Lebih dari itu, dukungan psikologis dan bimbingan belajar yang adaptif perlu diberikan agar siswa tidak merasa “dihukum” oleh format ujian baru, melainkan diajak bertumbuh bersama.
Tanpa kesiapan ekosistem pendidikan secara menyeluruh, maka tujuan mulia TKA untuk melahirkan generasi yang literat, kritis, dan inklusif bisa tereduksi menjadi sekadar ritual tahunan yang menambah beban tanpa memberikan nilai tambah nyata.

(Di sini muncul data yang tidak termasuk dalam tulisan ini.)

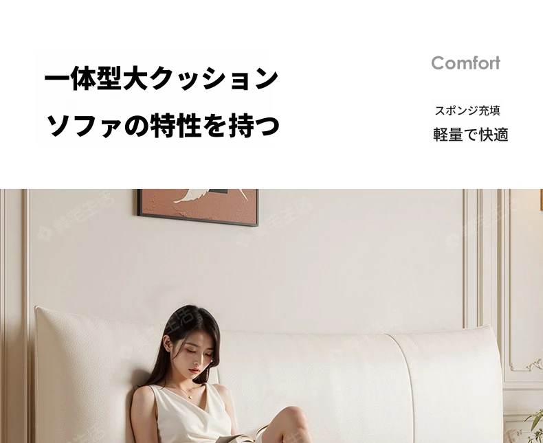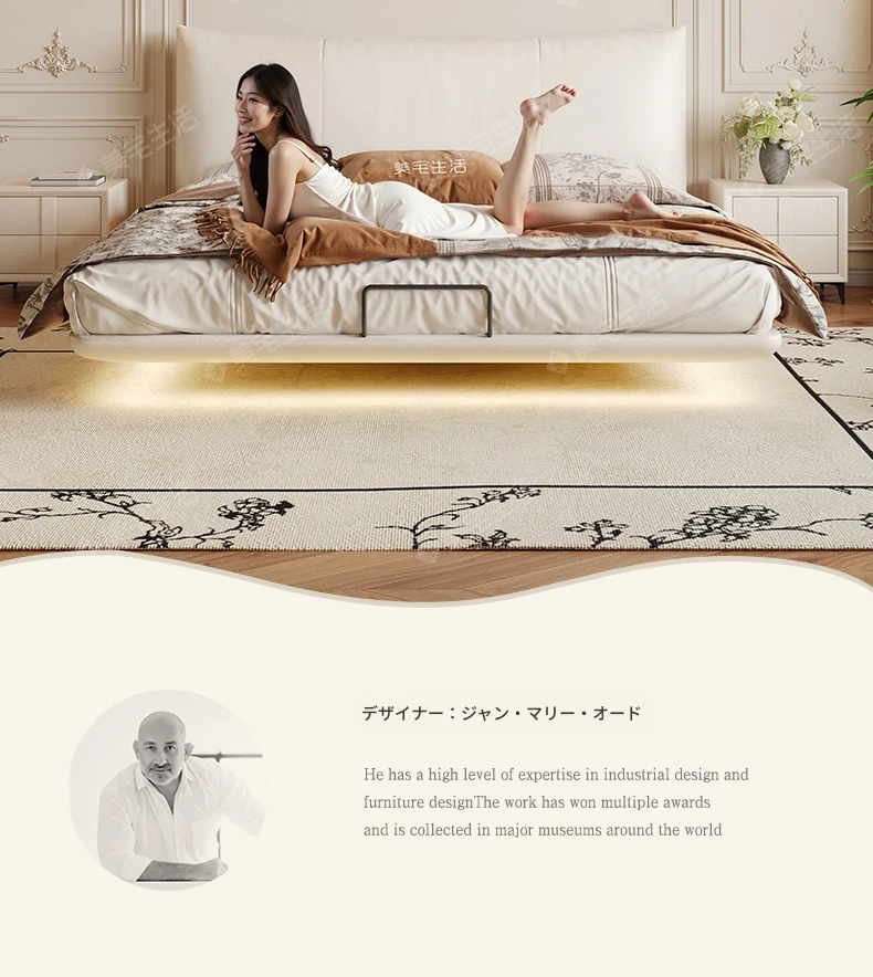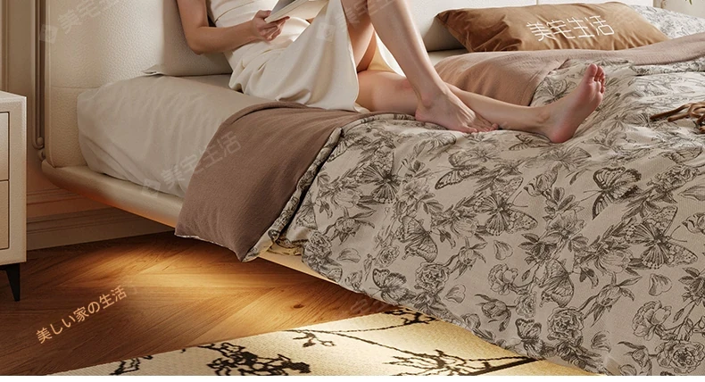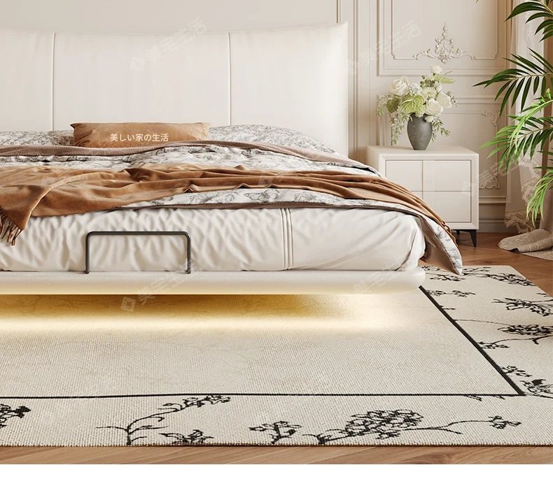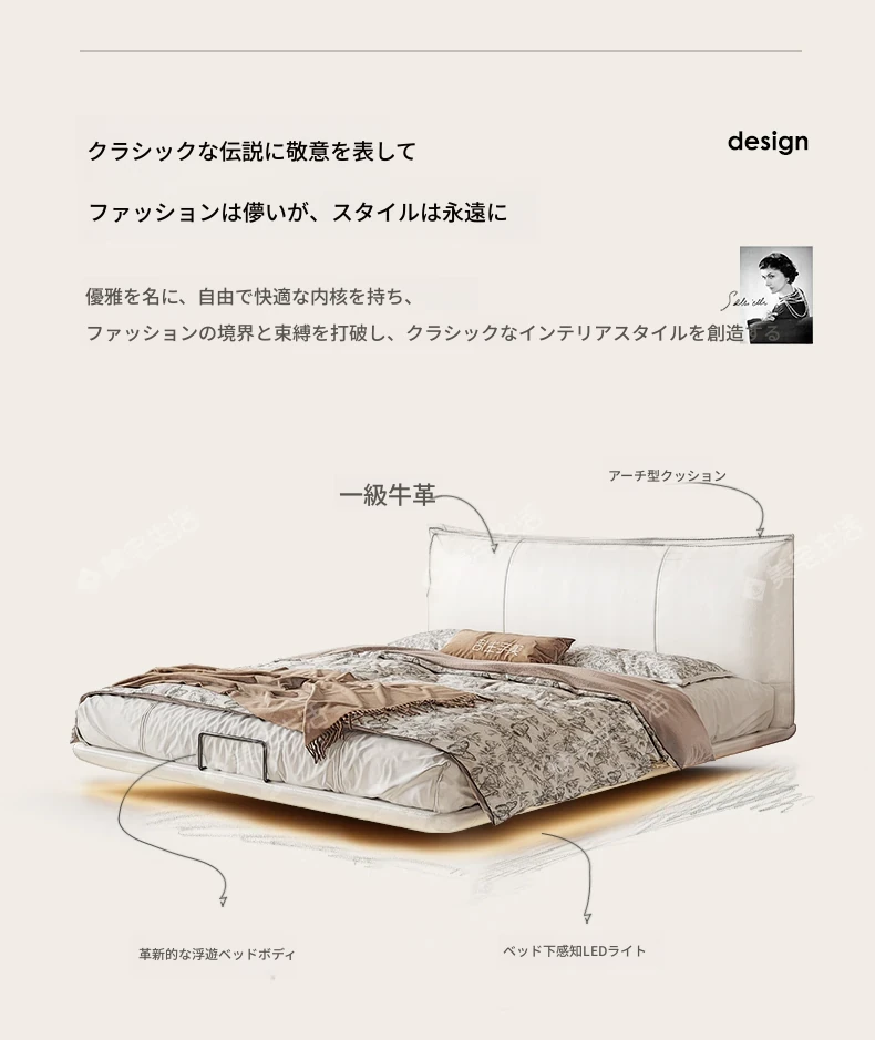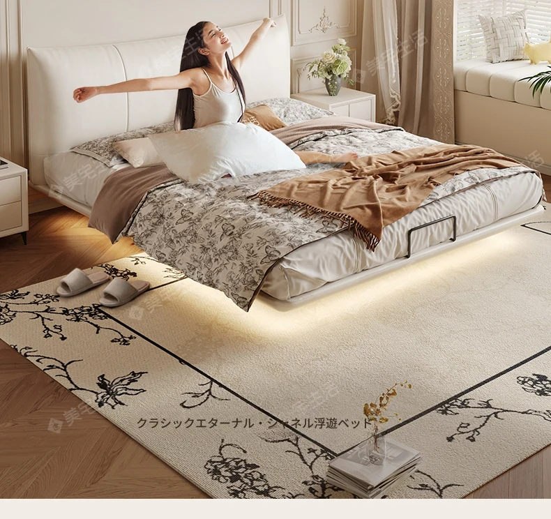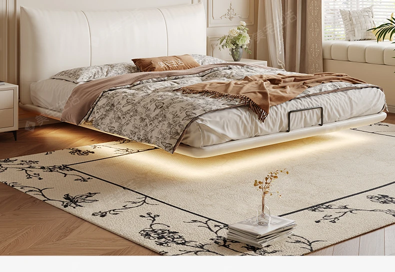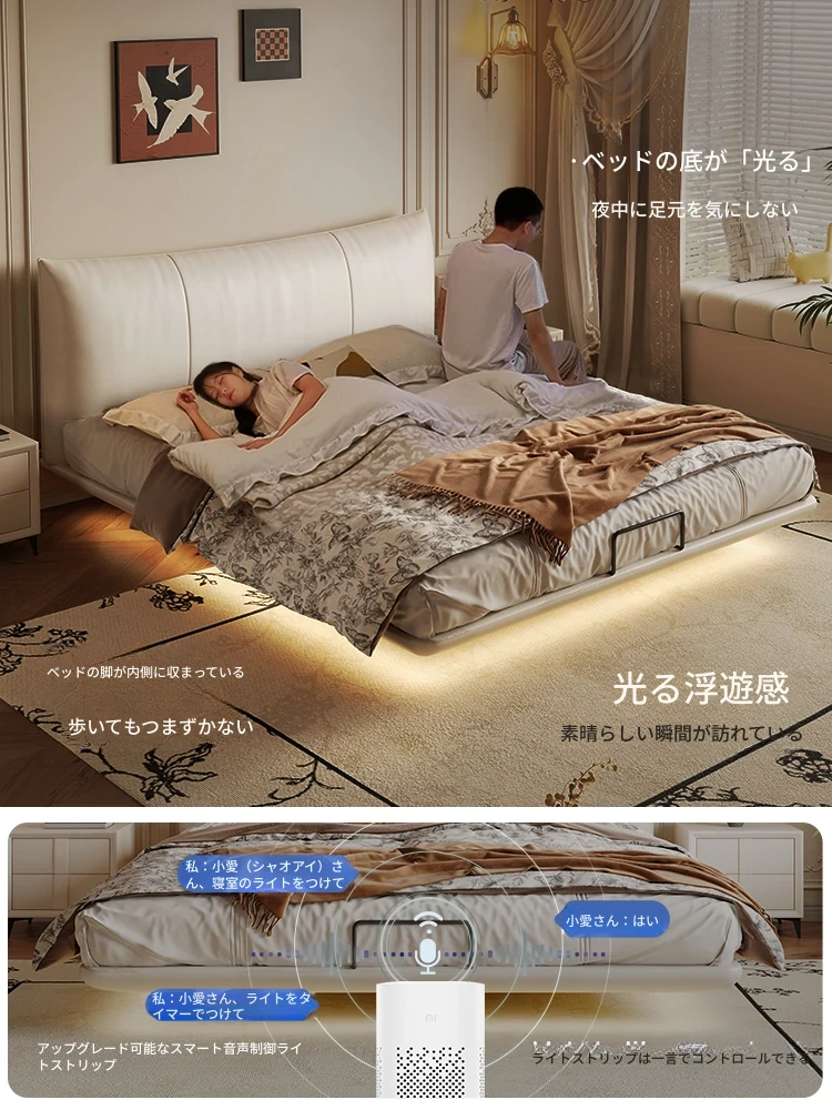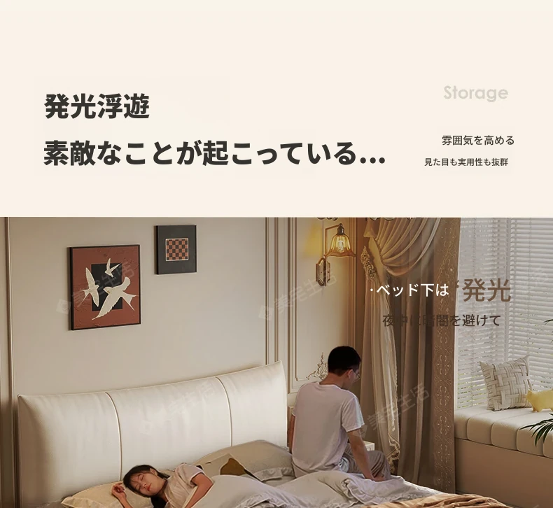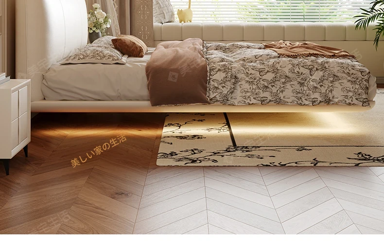 贅沢なイタリアンデザインの本革製スリーピングベッド、シンプルで洗練された無垢材の高級感あふれる黒色ソフトパッケージ、主寝室にぴったりの上品な一品。

Jembatan Pembelajaran yang Memerdekakan
TKA 2025 adalah peluang sekaligus ujian bagi arah pendidikan nasional. Ia dapat menjadi jembatan menuju pembelajaran yang lebih bermakna jika dirancang dan diimplementasikan dengan filosofi refleksi, bukan sekadar seleksi.
Dalam konteks ini, hasil tes sebaiknya dimaknai sebagai potret capaian, titik lemah, dan potensi siswa yang kemudian diolah menjadi dasar perbaikan pembelajaran bagi guru, sekolah, dan pemangku kebijakan.
Sejalan dengan itu, hadirnya pendekatan melalui sistem Tes Kemampuan Akademik selaras dengan gagasan evaluasi formatif, yaitu penilaian yang dirancang untuk membantu proses belajar berjalan lebih baik, bukan sekadar menghakimi hasil akhir siswa (Black & Wiliam, 1998: 61).
Dalam evaluasi formatif, hasil tes dipandang layaknya sebuah peta perjalanan yang menunjukkan posisi siswa saat ini, jarak yang telah ditempuh, dan arah yang perlu diambil selanjutnya.
Guru menggunakan informasi tersebut untuk menyesuaikan strategi mengajar, memberikan bimbingan tambahan, atau memperkaya materi sesuai kebutuhan siswa. Dengan demikian, penilaian tidak lagi menjadi “vonis” yang membatasi, tetapi “kompas” yang memandu langkah perbaikan bagi guru dan siswa.
Jika TKA hanya menjadi angka di atas kertas, ia akan kehilangan ruhnya. Nilai yang tinggi tidak otomatis menjamin siswa mampu berpikir kritis, berkolaborasi, atau bersikap bijak dalam kehidupan sehari-hari.
Pendidikan yang baik, sebagaimana ditegaskan UNESCO dalam Learning: The Treasure Within, harus memampukan peserta didik untuk learning to know, learning to do, learning to live together, dan learning to berempat pilar yang menempatkan manusia sebagai pusat, bukan skor semata (Delors, 1996: 85).
Keempat pilar itu menuntut pendekatan penilaian yang mengaitkan hasil tes dengan keterampilan hidup yang nyata. Learning to know tidak berhenti pada menguasai materi ujian, tetapi melatih kemampuan menemukan, mengolah, dan mengaplikasikan informasi.
Learning to do tidak sekadar diukur lewat hafalan prosedur, melainkan kemampuan memecahkan masalah dalam situasi kompleks. Learning to live together menuntut penilaian yang peka terhadap keterampilan sosial, empati, dan kerja sama lintas perbedaan.
Sementara learning to be menekankan pembentukan jati diri, karakter, dan integritas yang tak bisa diwakili oleh skor tunggal.
Dengan demikian, Tes Kemampuan Akademik harus menjadi instrumen yang memicu proses belajar berkelanjutan, bukan garis akhir yang mengkotak-kotakkan siswa berdasarkan peringkat. Tanpa orientasi pada keempat pilar itu, TKA hanya akan memperpanjang tradisi pendidikan yang menilai angka lebih tinggi daripada manusia yang memegang angka tersebut.
Oleh karena itu, penting bagi kita untuk menempatkan Tes Kemampuan Akademik dalam kerangka pembaruan yang sungguh-sungguh memperbaiki mutu pendidikan, bukan sekadar mengganti format ujian.
Harapan kita, jika UN telah menjadi masa lalu—dengan berbagai kelemahannya dalam memetakan pendidikan kita—semoga Tes Kemampuan Akademik tidak hanya menjadi masa depan, tetapi juga langkah nyata menuju pendidikan yang memerdekakan.